YOUR ASSIGNMENT – Your response should reproduce every line of the entries that contains the word "Россель".

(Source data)

::::::::::

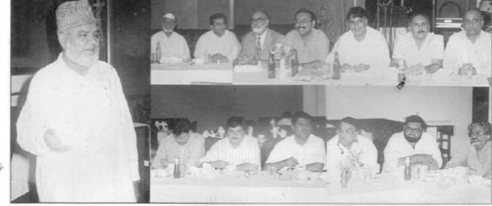
میان انعام اہل نیل خرم خرمیہ کے اجلاس میں جے ٹی کے نمائندوں نے اپنے موقف پر اصرار کیا۔ عوامی نمائندوں نے اپنے موقف پر اصرار کیا۔ عوامی نمائندوں نے اپنے موقف پر اصرار کیا۔

کراچی (پہرے بزنس نیوز) کلکٹ آف سٹریٹجی (ایس ڈیٹ) کراچی نے پرنٹرز سمیت ان کانج انڈسٹری کو بھی جزل سٹریٹجی کی رجسٹریشن اور ادائیگی کے لئے نوٹس جاری کئے ہیں جو اس سے اقبال فکسڈ سٹریٹجیس اور کر رہے تھے ان نوٹسز سے پرنٹرز اور دوسرے چھوٹے پرنٹوں میں شدید بے چینی پیدا ہو گئی ہے۔ باخبر ذرائع کے مطابق اس کشمکش میں آنے والی کانج انڈسٹری کی تعداد ۱۲ ہزار کے لگ بھگ ہے۔ ایسی انڈسٹری کو خبردار کیا گیا ہے کہ انہوں نے ۲۰ اگست تک قانون کے مطابق رجسٹر داخل نہیں کئے ہیں اور وہ مقررہ تاریخ تک اس کا جواب داخل کریں بصورت دیگر ان کے خلاف سٹریٹجی ایکٹ کے تحت کارروائی کی جائے گی۔ قبل ازیں ان کانج انڈسٹری نے حکومت سے ایک خاموش معاہدے کے تحت ۲۰ فیصد اضافے کے ساتھ فکسڈ سٹریٹجیس جمع کرا کر اپنا تمام ددونوں کلکٹریٹ نے اسے قبول نہیں کیا اور اسے کہا ہے کہ چونکہ فکسڈ سٹریٹجی کا قانون ختم ہو گیا ہے لہذا وہ جزل سٹریٹجی کی رجسٹریشن کرائیں اور جی ایس ٹی کی ادائیگی کریں اور مقررہ فرم رجسٹر باقاعدگی سے جمع کرائیں۔ دریں اثناء باخبر ذرائع سے معلوم ہوا ہے کہ سٹریٹجی کلکٹریٹ ایس ڈیٹ اور ڈیٹ نے تاجر تنظیموں کے دباؤ اور ایس ایم منیر اور فاسٹ کی مداخلت پر اس خاموش معاہدے کے حوالے سے جزل سٹریٹجی کی رجسٹریشن اور ادائیگی کے لئے کانج انڈسٹری اور درمیانے درجے کی صنعتوں کو جاری کئے گئے نوٹس واپس لے لئے ہیں جبکہ بعض صنعتوں کو جاری کئے جانے والے شکاژ نوٹس بھی واپس لے لئے گئے ہیں۔ اس سلسلے میں ذرائع کے مطابق فکسڈ سٹریٹجی ایس ڈیٹ اور ڈیٹ نے اپنے ماتحت عملے کو یہ ہدایات جاری کر دی ہیں۔
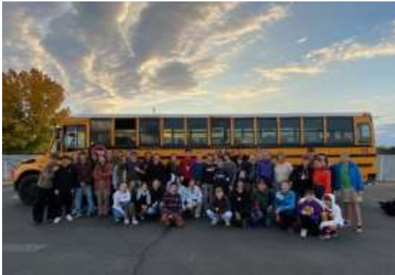
USA Boise - Centennial High School
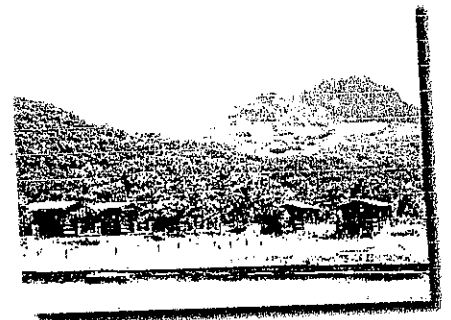
前は、このチピログハウスに泊りました
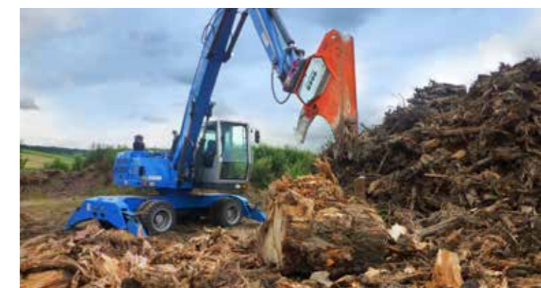
Ideale per la pulizia del pavimento.
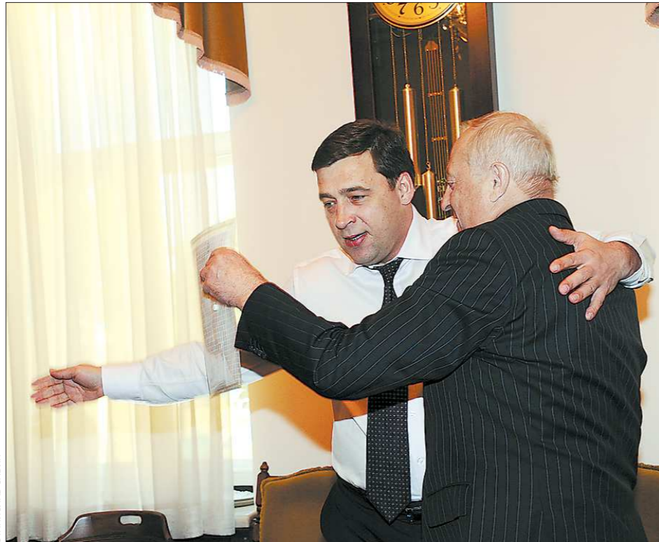
Дружеские объятия. Так неформально встретились Евгений Куйвашев и Эдуард Россель

Эдуард Россель отметил, что хорошо знает Евгения
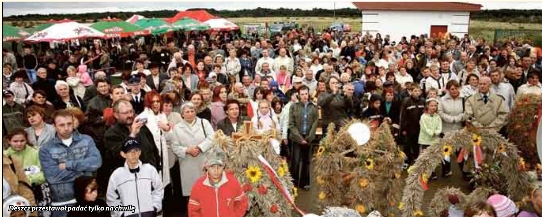
Deszcz przestawał padać tylko nachwilę
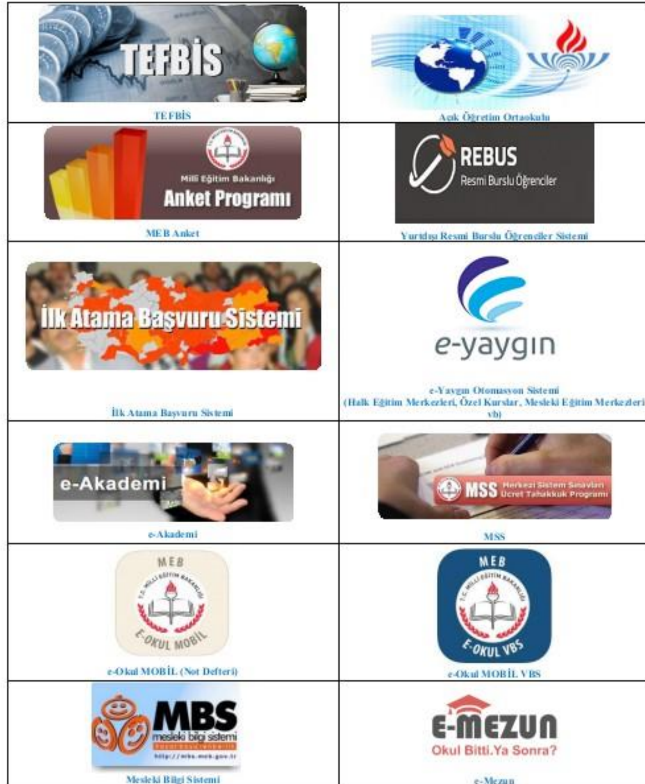
Tablo 1 : Web Tabanlı Çalışmalar
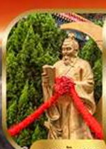
เทพจันตรา

พิเศษฟรี! ลงห้องลับหวังต้าเซียน รวมกระเช้าฮ่องกง
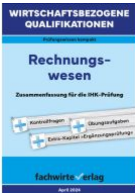
Wirtschaftsbezogene Qualifikationen: Rechnungswesen Ladenpreis: 12,40EUR
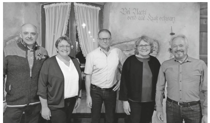
Vorstandschaft des Fördervereins der Trachtenkapelle Amrigschwand-Tiefenhäusern 2026

Für das kommende Jahr stehen bereits mehrere Höhepunkte auf dem Programm, darunter das Jahreskonzert am 28.03.26 sowie Auftritte beim Jubiläum der Guggenmusik Höllbachgeister in Rotzingen und das Bezirksmusikfest in Menzenschwand. Ganz besonders freut sich der gesamte Verein auf die bevorstehende 3-tägige Konzertreise ins Montafon zum Bezirksmusikfest der Bürgermusik Gaschurn-Partenen anlässlich deren 100-jährigem Bestehen.
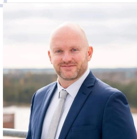
Concierto de Gala I - Banda de Conciertos de San José Dominic Talanca (Estados Unidos) - Teatro La Aduana 4 de abril, 2024
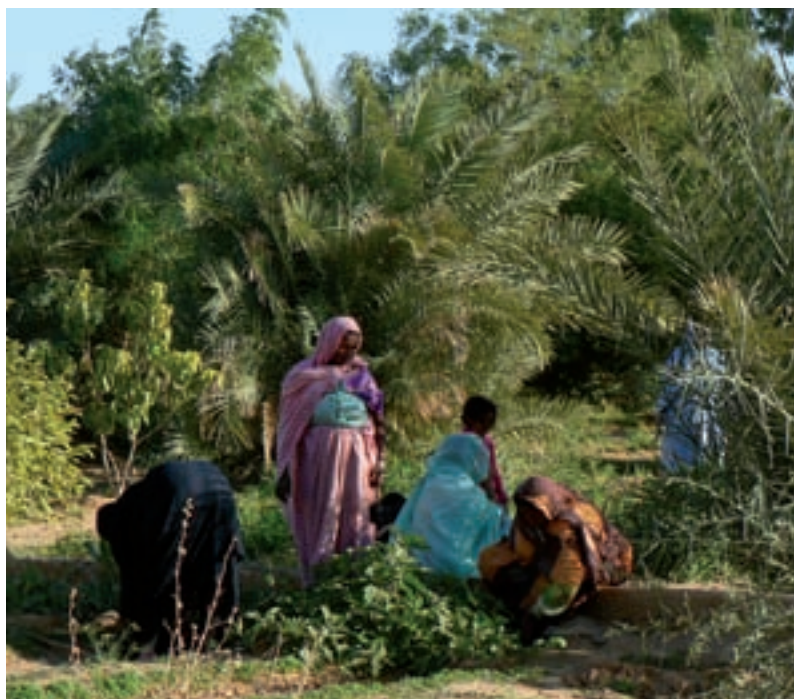
Jardins, Nord Mali

Le « grand absent » des projets reste l'espace non cultivé, qui coïncide avec l'espace non cultivable quand la densité rurale est élevée. Cet espace ne fait l'objet d'aucune attention particulière. Il s'agit des « parcours » où s'exerce une pression exponentielle sur la végétation (bois de feu et vaine pâture) ; on y observe fréquemment des dégâts importants, voire catastrophiques. C'est dans ces espaces que se déroule une grande part des processus de désertification, de dégradation et de dénudation des sols, et donc de ruissellement et d'érosion pendant la saison des pluies. Or dans les paysages des zones sahéliennes et au Nordeste brésilien, l'espace non cultivé représente une proportion importante des espaces ruraux. Ce point mérite une attention particulière.
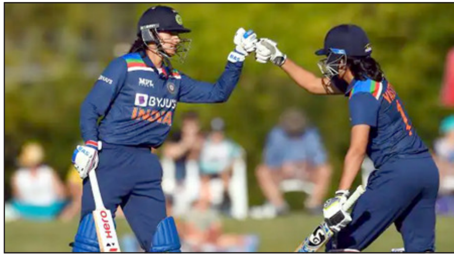
अबतक किसी भी टीम द्वारा बनाया सर्वाधिक स्कोर है।

वनडे में लगातार 25 जीत दर्ज कर चुकी मेग लेनिंग की टीम को इस मुकाम को जीतने के लिए 275 रन बनाने होंगे। ऑस्ट्रेलियाई टीम के खिलाफ खेलते हुए 2018 से लेकर
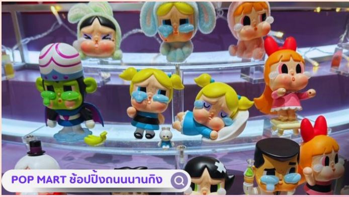
POP MART ซ้อป๊ิงถนนนานกิง
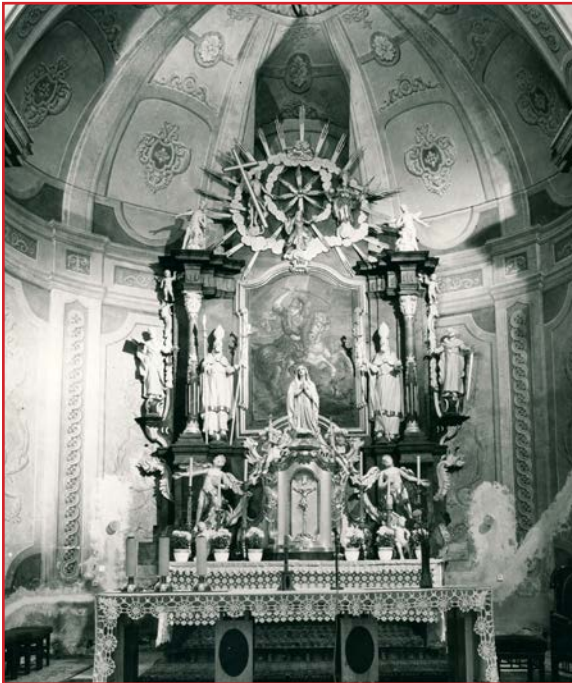
Hlavný oltár v Kostole svätého Juraja
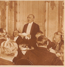
18 1932. - 6. Juni. Sturz des Kabinetts Brüning. Reichkanzler Brüning bei seiner letzten öffentlichen Rede
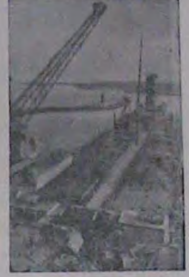
Украіна нал морем. Опескуні док.

🗌 Делегація від Об'єднанни Інвалідів у Вімеччині мала авдиенцію в епископа Кир Бучка та передала меморандум до Папського Пре-Щодо клінату, то не не так страш- З українським привітом Іван Пот- столу и справі опіки над інвалідами і переселения іх в інші праїнц.
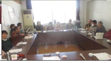
ツアー後の総会には、東北より伝統の茅葺職人の社長さんも同席されました。
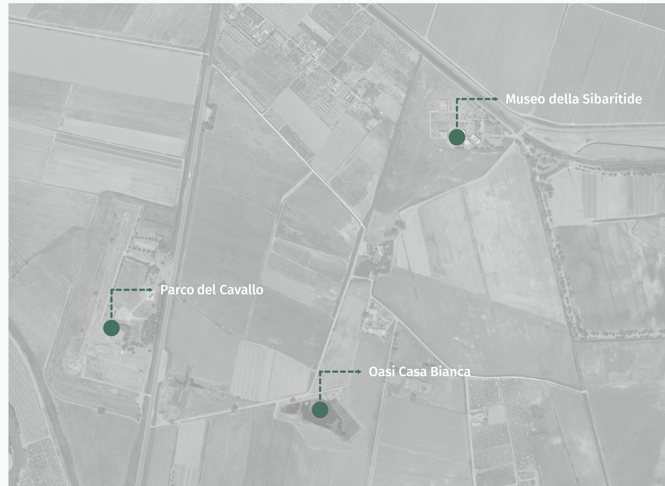
Inquadramento territoriale scala 1:5000
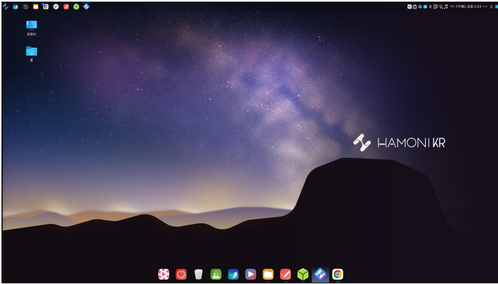
맥 스타일 테마 적용 화면
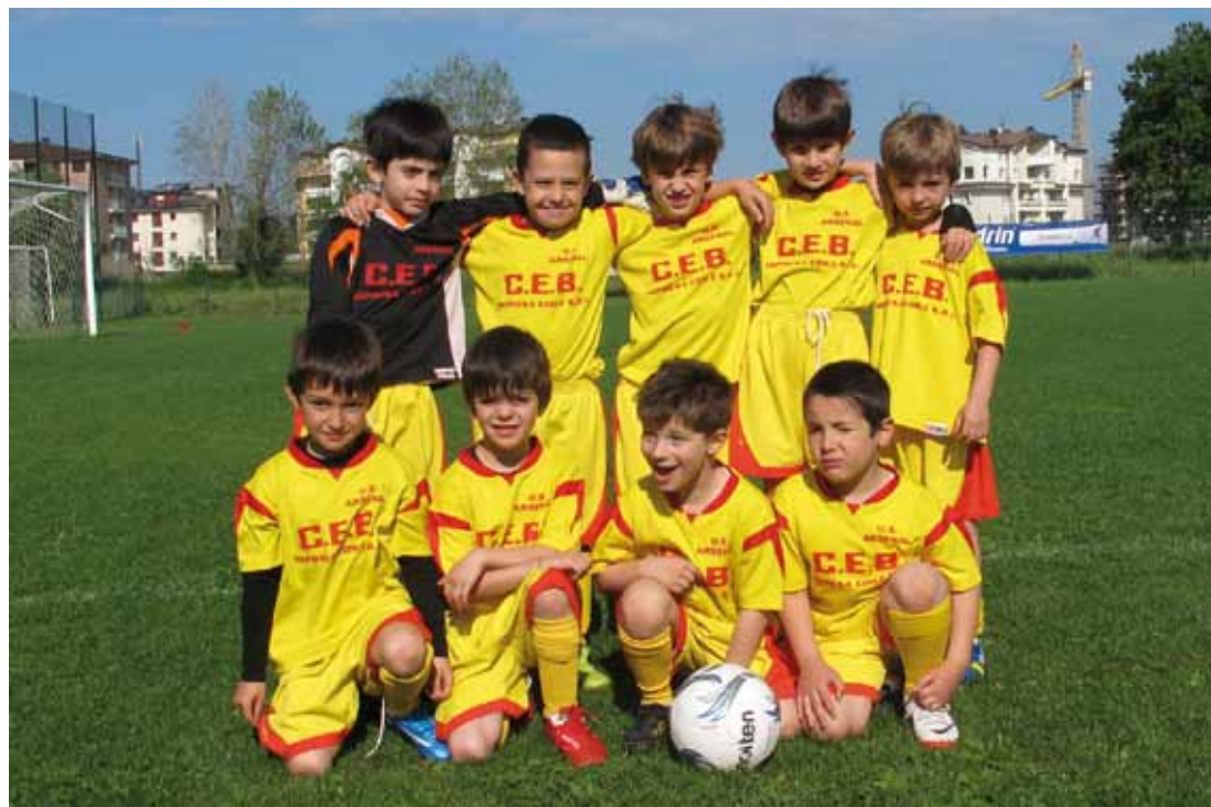
U.S. ARSENAL - SCUOLA CALCIO CATEGORIA 2007
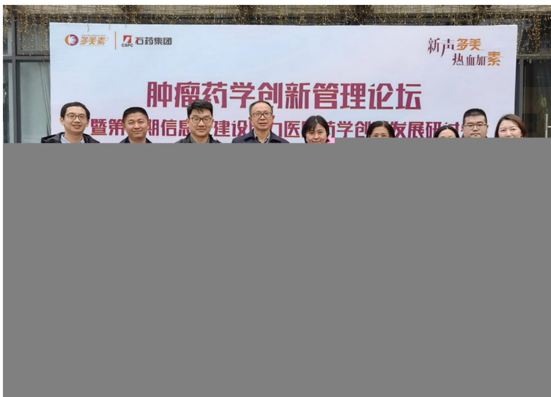
部分专家、代表合影
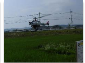
無人ヘリによる追肥
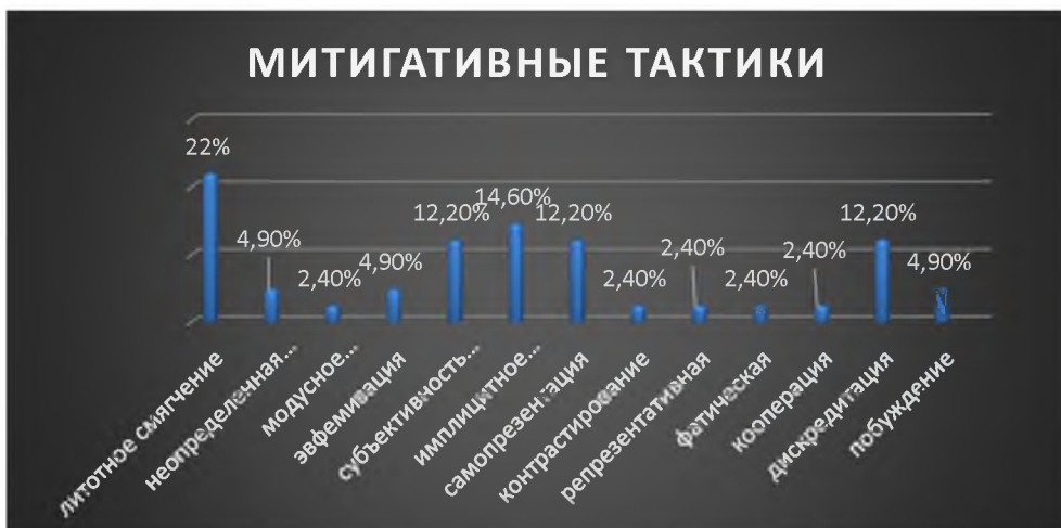
Рис.2. Митигативные тактики, использованные для реализации стратегий, указанных на рис. 1.

Наиболее частотной, как видно из показателей диаграммы, является стратегия самопрезентации; стратегия директивности, под которой понимается призыв/побуждение адресата к каким-либо действиям, тоже достаточно употребляемая в речи дипломатов; стратегия дискредитации, которая встречается вдвое реже стратегии самопрезентации, может свидетельствовать о том, что для дипломатической речи характерно позиционирование своих достоинств, чем недостатков оппонента. Остальные стратегии используются в дипломатических текстах в равной степени.
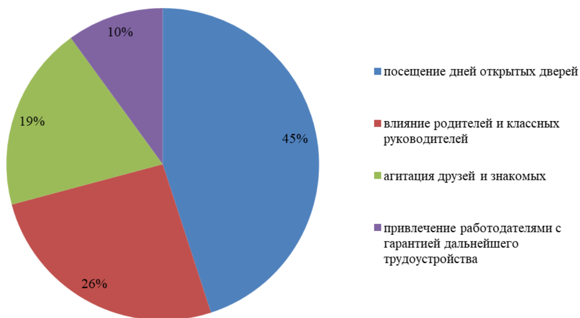
Рис – 2 Результаты анкетирования студентов первого курса инженерного факультета (составлено автором)

Для первокурсников основными показателями стали: наиболее значимые источники информации о выбранном факультете и университете; 45% посещение дней открытых дверей; 26% влияние родителей и классных руководителей при выборе; 19% агитация друзей и знакомых уже закончивших наш университет и 10% привлечение работодателями с гарантией дальнейшего трудоустройства (рис. 2).
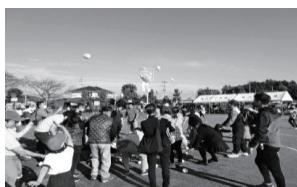
佐川野っ子ふれあい大運動会

令和7年6月7日(土)は、150周年記念【訓蒙館祭】を開催します。ぜひ、来てください。
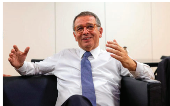
Antonio José Seguro ganó las elecciones en Portugal

Debido al mal tiempo en algunas zonas afectadas por inundaciones, que suman un total de 36.852 electores, se retrasaron las elecciones por una semana hasta el 15 de febrero.
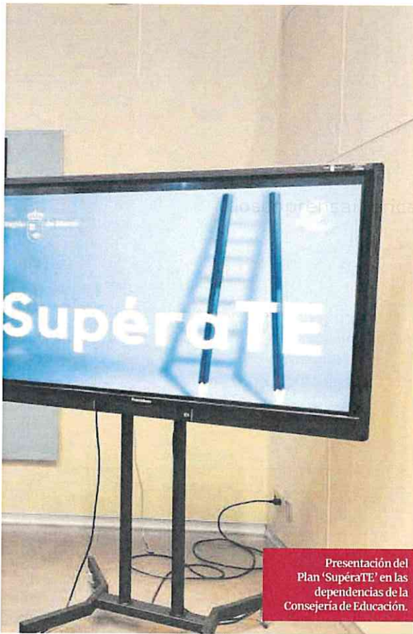
Presentación del Plan 'Supérate' en las dependencias de la Consejería de Educación.

Añade que «los miembros del tribunal adquieren un papel importante y por ello debe guardar las máximas garantías de transparencia y condiciones de trabajo. Desde ANPE reclamamos a la Consejería reuniones para valorar y evaluar todas las necesidades y adoptar todas las medidas necesarias con atención suficiente y evitar problemas en las condiciones de trabajo de los miembros del tribunal, así como en cada una de las partes del proceso selectivo». Entre las medidas que propone el sindicato figura el establecimiento de «una ratio no superior a 40 opositores por tribunal, que las horas de trabajo no excedan de la jornada lectiva de los docentes y que las aulas estén climatizadas para poder combatir las olas de calor que se producen en Murcia en los meses de junio y julio. Así, tanto los opositores como los miembros del tribunal podrán rendir al máximo y afrontar las pruebas en condiciones óptimas».

::::::::::

SOLUTION TO THE EXERCISE –
Дружеские объятия. Так неформально встретились Евгений Куйвашев и Эдуард Россель
Эдуард Россель отметил, что хорошо знает Евгения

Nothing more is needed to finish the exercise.